Пельмени томились в белой, заляпанной синими цветочками супнице, и мама, с лучистой улыбкой, аккуратно зачерпнула полдюжины – для дорогого гостя. Верман, в белых штанах и кожаной жилетке, посмотрел задумчиво на лавровый листик, украсивший тарелку, и спросил:

– Вы всегда так завтракаете?

– Не всегда, а для вас специально! – охотно пояснила мать. – Мужчины должны хорошо питаться, и за этим все время приходится следить женщинам. Но пельмени, конечно, это больше для гостей, а так у нас обычно яичница, или бутерброды, или оладьи… Так что кушайте! Сметанки?

Верман, к ее горькому удивлению, сказал, что будет только кофе, а потом вообще вышел на балкон покурить.

– Ты смотри, такой высокий, видный мужчина, – шепнула мне мать, – а не ест ничего! Ты покорми его там, на даче. Картошки пожарьте с тушенкой. Картошка в погребе у дедушки…

– Пожарим, пожарим, – сказала я, на корточках распутывая лохматые шнурки своих выгоревших кед, которые казались еще старее и бледнее рядом с фантастическими кроссовками Вермана.

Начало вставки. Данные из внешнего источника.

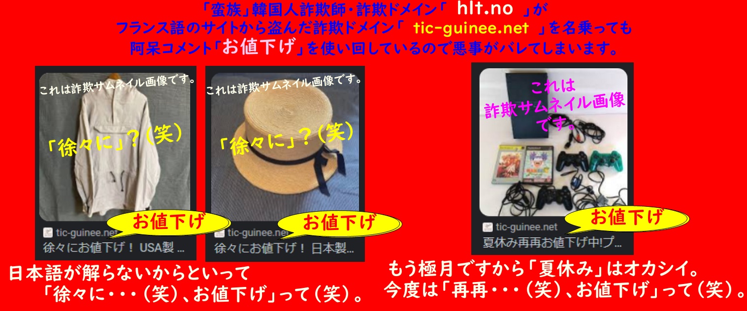 そして、フランス語のサイト/ドメインを乗っ取って攪乱しようとしたらしいのですが、「河越御所」から画像/情報を盗んだこと、そして阿呆コメント「お値下げ」を使っている為、「蛮族」韓国人詐欺師・詐欺ドメイン「 hlt.no 」の仕業と断定できるのです。

Когда Верман уже их натянул, а я шагнула за порог, мама закричала:

– Эй, а кота-то! Кота забыли! – И вынесла большую плетеную корзинку c крышкой, в которой кота возили на дачу. – Кот у нас, – с гордостью сообщила она Верману, – экстрасенс! Умеет предсказывать, придет пароход или не придет… Если не хочет ехать, значит, точно рейс отменят!..

– Да что вы говорите! – вежливо удивился Верман. – Ну-с, и какой у нас прогноз сегодня?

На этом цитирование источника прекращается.